Gregory Penske is the chairman/CEO of Penske Motor Group, which owns and operates Toyota, Lexus, and Mercedes-Benz dealerships in California and a Toyota dealership in Texas.  His father is a race car team owner and entrepreneur Roger Penske.

Early life
Penske attended the Episcopal Academy in Philadelphia and graduated from Cornell University in 1984, where he earned a degree in business management. Penske also attended General Motors Institute (now Kettering University) and worked at a Chevrolet and a Cadillac-Oldsmobile dealership while in college.

Career
Penske is the former president and CEO of Penske Motorsports, Inc., which operated racetracks across the country, including the development of the Auto Club Speedway (formerly California Speedway) in Fontana, California. He serves on the Board of Directors for Penske Corporation (holding company for Penske Automotive Group, Penske Motor Group, Penske Truck Leasing, and Team Penske), Southern California Toyota Dealership Advertising Association, Friends of Golf, Petersen Automotive Museum, and is an advisor to Nucleus Scientific Inc.
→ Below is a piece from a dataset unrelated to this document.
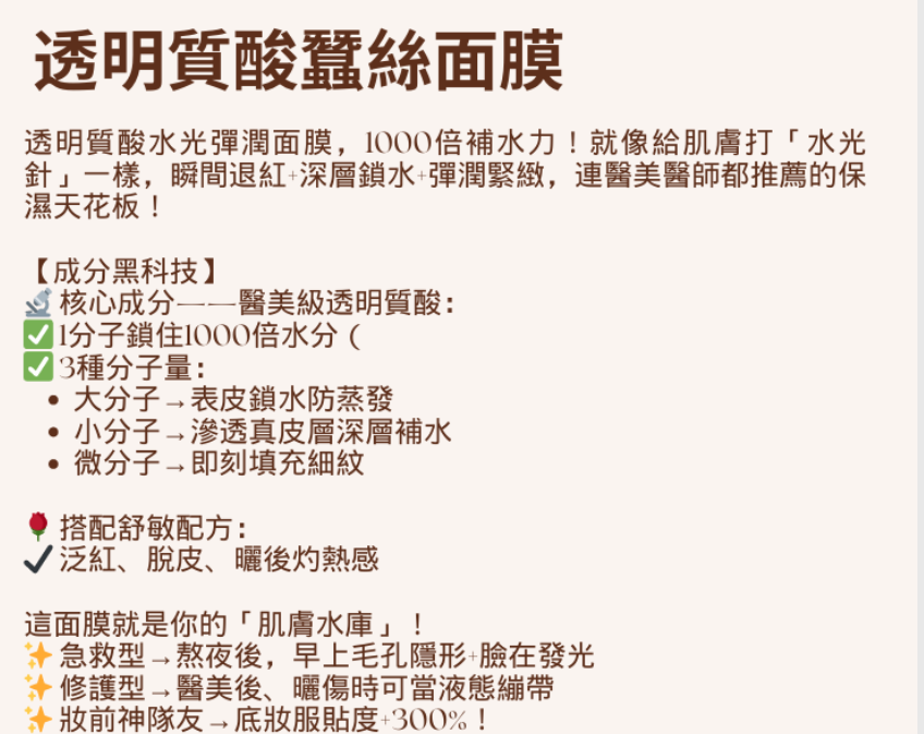📌透明質酸蠶絲面膜💢補水恩物

He is a member of the Toyota Parts and Service Advisory Council, the Toyota President's Cabinet and the Toyota Board of Governors, and the Lexus League of Elite Dealers.

He has been named one of the highest-rated CEOs among small and medium companies by Glassdoor, a jobs and career site, which released its annual report recognizing top leaders in companies in 2015 throughout North America and Europe. "Glassdoor’s Highest Rated CEOs 2015"; Glassdoor published June 9, 2015.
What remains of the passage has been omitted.